Squint your eyes and look closer
I’m not between you and your ambition
I am a poster girl with no poster
I am thirty-two flavors and then some
And I’m beyond your peripheral vision
So you might want to turn your head
’Cause some day you are gonna get hungry
And eat most of the words you just said
That night at The Old Coot, Julie didn’t yet know I was cheating on her. How could she have even expected it? We were in love — so, so in love. She couldn’t have expected it, because I hadn’t expected it.
I needed to tell her.
I couldn’t bear to tell her.
How do you tell your girlfriend — your high school sweetheart who’d held your hand as you both came stumbling out of the closet together — that you’d met someone? A male someone? And how did you tell her that, without really meaning to, without really thinking you were going to do it, you’d slept with him, not once but several times? How did you tell her that you thought you wanted to leave her, even though you still loved her?
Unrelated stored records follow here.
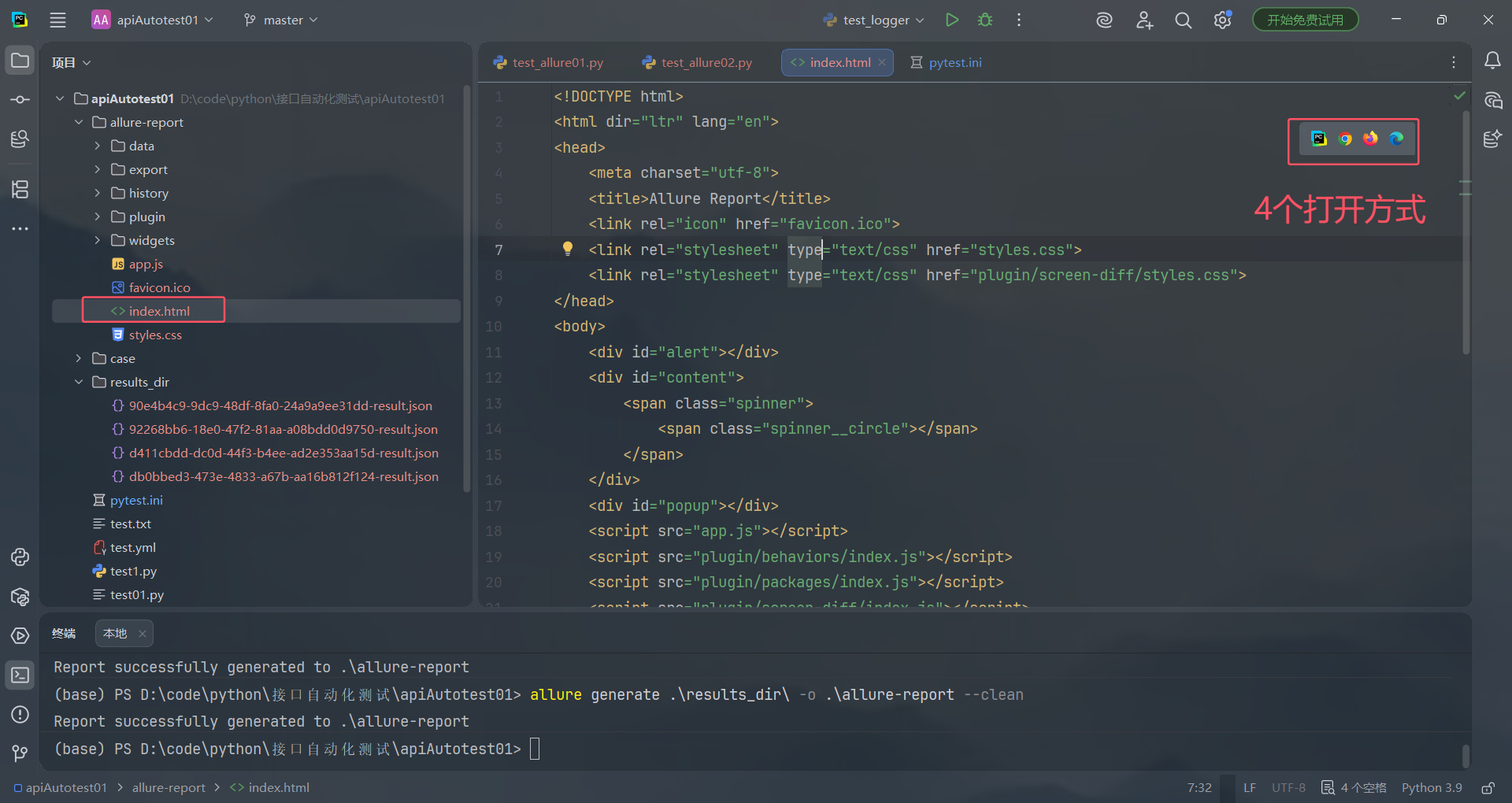 1)方法一:启动一个本地服务器来在浏览器中展示测试报告终端执行命令,自动在浏览器打开测试报告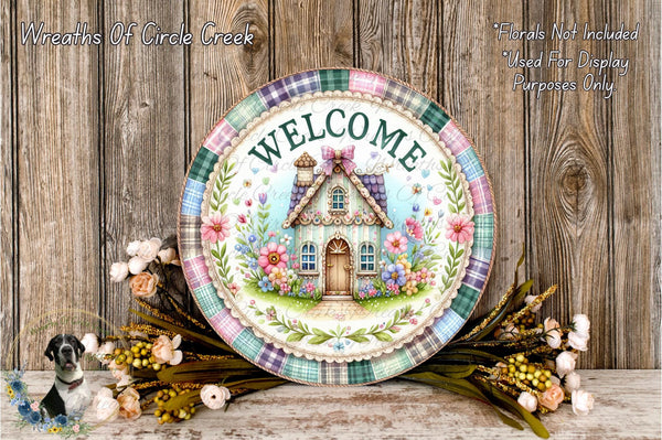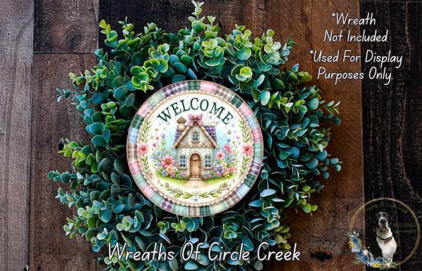 Spring Cottage Welcome Aluminum Metal Wreath Sign (Lightweight, No Holes
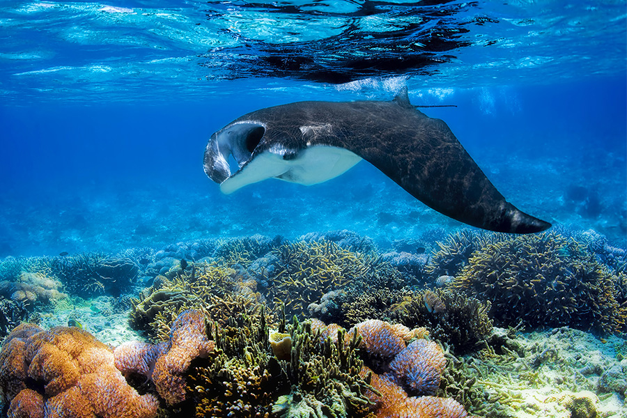 Der Indische Ozean begeistert mit einer beeindruckenden Artenvielfalt, in der besonders Mantas herausstechen. An den Strömungen der Malediven oder Seychellen gleiten die majestätischen Rochen elegant durch das Wasser. Auch Haie und Walhaie zählen zu den faszinierenden Begegnungen, die Taucher hier erwarten. Momente mit diesen Giganten unter Wasser vermitteln ein Gefühl von Freiheit und Anmut – ein Tauchgebiet, das unvergessliche Erlebnisse mit einigen der beeindruckendsten Meeresbewohner garantiert.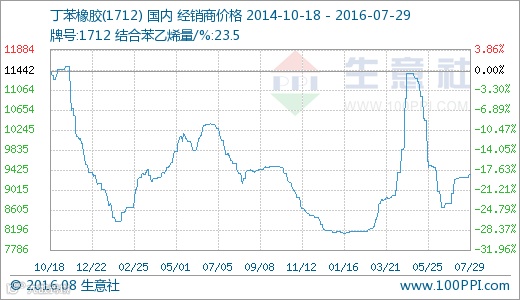 丁苯橡胶市场报盘弱势行情,下游终端市场开工率走低,市场需求本身不高,场内交投氛围更加清淡,但销售公司本周继续限量开单,市场可售货源不多,贸易商出货压力不大,而且原料市场价格高位盘整;另外据生意社监测,中油西北销售公司乳聚丁苯橡胶报价稳定,兰化1500E报价在10600元/吨,出厂价;中石化华中销售公司乳聚丁苯橡胶报价稳定,齐鲁1502挂牌价在10600元/吨,齐鲁1712定价在9600元/吨;华中库提价或配送件。

How was it possible to love someone and still want to leave them?
And I’ve never tried to give my life meaning
By demeaning you
And I would like to state for the record
I did everything that I could do
Back at the Nevada women’s music festival, my eyes burned with tears when I finished the song to the sound of the audience’s enthusiastic clapping. They probably couldn’t see me cry from where they were, even the ones who’d pressed their way to the front of the crowd. My manager had insisted upon a buffer zone between them and the stage, because it was hard for Charles — or anyone else — to protect me up here on this makeshift platform, and I’d been getting death threats from my stalker again.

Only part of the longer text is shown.